• _Source data_
# # # #

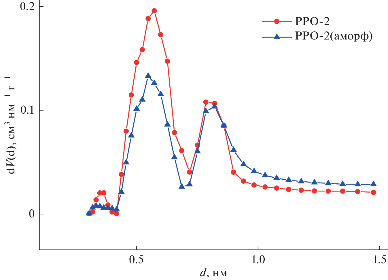 Data on microporosity (micropore size distribution) in the range from several angstroms to several nanometers, obtained by measuring the positron annihilation lifetime (PALS method) and by measuring CO2 sorption (low-temperature gas sorption, LTGS) are collated for a number of polymers with amorphous (polyetherimides, PEI) and semicrystalline (polyphenylene oxides, PPO) structures. The microporosity estimates based on the positron annihilation and CO2 sorption data are compared with published data obtained both
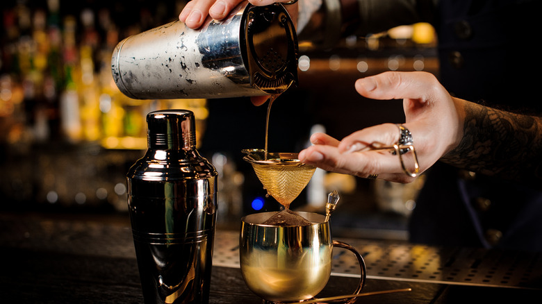 A Widow's Kiss cocktail — the name alone stirs intrigue. Throughout this libation's enduring history, the recipe has changed, but the name has stayed the same. First listed in 1895 in Modern American Drinks, the recipe called for French liqueurs shaken with apple brandy (per Imbibe Magazine). The flavor was herbal, with refreshing notes of fruit and eucalyptus, as described by Difford's Guide. Chartreuse, Bénédictine, and Angostura bitters were used to make the original cocktail until bartenders of the "Cocktail Renaissance" began to add their own spin to the drink (via Punch Drink).
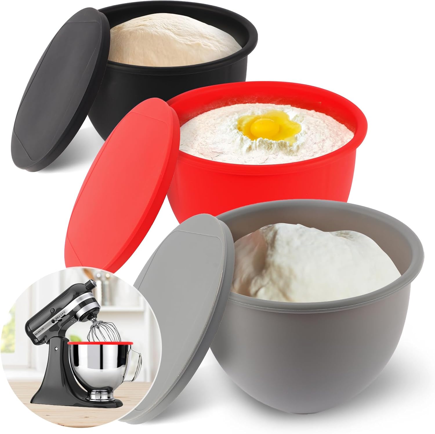 Silikon-Rührschüssel-Einsätze, kompatibel mit 4,8-Liter-Küchenmaschinen von KitchenAid, inklusive 3 Einsätzen und Deckeln (Silicone Mixing Bowl Liners)

# # # #

• _Task statement_
Nothing but the listing, copied exactly and stripped of its images, should appear in the response.

• _Solution for this task_
 Data on microporosity (micropore size distribution) in the range from several angstroms to several nanometers, obtained by measuring the positron annihilation lifetime (PALS method) and by measuring CO2 sorption (low-temperature gas sorption, LTGS) are collated for a number of polymers with amorphous (polyetherimides, PEI) and semicrystalline (polyphenylene oxides, PPO) structures. The microporosity estimates based on the positron annihilation and CO2 sorption data are compared with published data obtained both
 A Widow's Kiss cocktail — the name alone stirs intrigue. Throughout this libation's enduring history, the recipe has changed, but the name has stayed the same. First listed in 1895 in Modern American Drinks, the recipe called for French liqueurs shaken with apple brandy (per Imbibe Magazine). The flavor was herbal, with refreshing notes of fruit and eucalyptus, as described by Difford's Guide. Chartreuse, Bénédictine, and Angostura bitters were used to make the original cocktail until bartenders of the "Cocktail Renaissance" began to add their own spin to the drink (via Punch Drink).
 Silikon-Rührschüssel-Einsätze, kompatibel mit 4,8-Liter-Küchenmaschinen von KitchenAid, inklusive 3 Einsätzen und Deckeln (Silicone Mixing Bowl Liners)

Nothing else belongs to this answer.